实施最低限度的可行代表就像实施您的 Ambassadorgenerate_bounties 方法一样简单。 This method is found in Ambassador_<participant_name_slug>/src/<author_org_slug>_<participant_name_slug>/__init__.py (Ambassador_helloworld/src/polyswarm_helloworld/__init__.py if you followed the cookiecutter prompts as described above). Production Ambassadors will, of course, need to do far more than this.

Open Ambassador_helloworld/src/polyswarm_helloworld/__init__.py.

Customize the file to include the EICAR and not-EICAR definitions we saw in the EICAR Ambassador:

...
logger = logging.getLogger(__name__)

EICAR = base64.b64decode(
    b'WDVPIVAlQEFQWzRcUFpYNTQoUF4pN0NDKTd9JEVJQ0FSLVNUQU5EQVJELUFOVElWSVJVUy1URVNULUZJTEUhJEgrSCo=')
NOT_EICAR = 'this is not malicious'
ARTIFACTS = [('eicar', EICAR), ('not_eicar', NOT_EICAR)]

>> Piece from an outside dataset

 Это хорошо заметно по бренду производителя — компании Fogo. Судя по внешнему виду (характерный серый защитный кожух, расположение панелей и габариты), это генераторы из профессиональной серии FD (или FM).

BOUNTY_TEST_DURATION_BLOCKS = int(os.getenv('BOUNTY_TEST_DURATION_BLOCKS', 5))
...

然后,自定义 generate_bounty 方法,以提交 EICAR 和非 EICAR:

    async def generate_bounties(self, chain):
        """Submit either the EICAR test string or a benign sample

        Args:
            chain (str): Chain sample is being requested from
        """
        amount = await self.client.bounties.parameters[chain].get('bounty_amount_minimum')

        while True:
            try:
                filename, content = random.choice(ARTIFACTS)

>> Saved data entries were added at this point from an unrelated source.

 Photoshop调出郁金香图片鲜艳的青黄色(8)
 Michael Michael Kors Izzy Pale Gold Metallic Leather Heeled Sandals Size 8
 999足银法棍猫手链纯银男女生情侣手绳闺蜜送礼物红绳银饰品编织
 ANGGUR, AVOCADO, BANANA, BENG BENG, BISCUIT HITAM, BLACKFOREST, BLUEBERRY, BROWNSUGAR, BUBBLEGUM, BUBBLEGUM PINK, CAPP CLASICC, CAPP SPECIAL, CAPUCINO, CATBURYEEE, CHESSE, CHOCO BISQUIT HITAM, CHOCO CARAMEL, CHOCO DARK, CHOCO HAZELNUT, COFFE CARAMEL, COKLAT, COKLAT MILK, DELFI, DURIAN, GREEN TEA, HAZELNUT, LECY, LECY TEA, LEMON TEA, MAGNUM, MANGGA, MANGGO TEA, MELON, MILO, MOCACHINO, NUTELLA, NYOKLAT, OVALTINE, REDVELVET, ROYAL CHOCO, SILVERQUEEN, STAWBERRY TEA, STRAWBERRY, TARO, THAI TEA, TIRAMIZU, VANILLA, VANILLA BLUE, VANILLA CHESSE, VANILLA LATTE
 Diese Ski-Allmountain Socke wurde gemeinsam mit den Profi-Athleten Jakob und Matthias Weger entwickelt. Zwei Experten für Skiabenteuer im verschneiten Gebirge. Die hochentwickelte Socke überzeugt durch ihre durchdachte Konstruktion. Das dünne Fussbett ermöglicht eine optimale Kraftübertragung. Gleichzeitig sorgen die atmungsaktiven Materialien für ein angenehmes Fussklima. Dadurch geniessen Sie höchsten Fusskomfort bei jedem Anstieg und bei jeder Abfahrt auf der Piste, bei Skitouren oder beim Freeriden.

                logger.info('Submitting %s', filename)
                ipfs_uri = await self.client.post_artifacts([(filename, content)])
                if not ipfs_uri:
                    logger.error('Error uploading artifact to IPFS, continuing')
                    continue

                await self.push_bounty(amount, ipfs_uri, BOUNTY_TEST_DURATION_BLOCKS, chain)
            except CancelledError:
                logger.warning('Cancel requested')
                break
            except Exception:
                logger.exception('Exception in bounty generation task, continuing')
                continue

Once these changes are made, you now have an EICAR Ambassador built on participant-template!

Next, we'll consider some real-world concerns that go beyond the current scope of this document and then test our EICAR-submitting Ambassador.


Production Ambassador Considerations

The eicar.py and filesystem.py Ambassadors are proof of concepts that do not address many requirements desirable of production Ambassadors, including, but not limited to:

  1. 面向消费者的 API*
  2. 与多个社区交谈的能力
  3. 跟踪消费者请求的手段,达到限制费率和记账等目的
  4. 可扩展的基础设施,根据需求进行调整,确保低延迟和高吞吐速率
  5. 过去的查询和结果的可扩展存档,哈希搜索、查杀和其他功能在此基础上创建

Ready to build your ambassador and serve as your clients' window into the PolySwarm marketplace?

I want to build an Ambassador →

Ambassadors are only supported under Linux.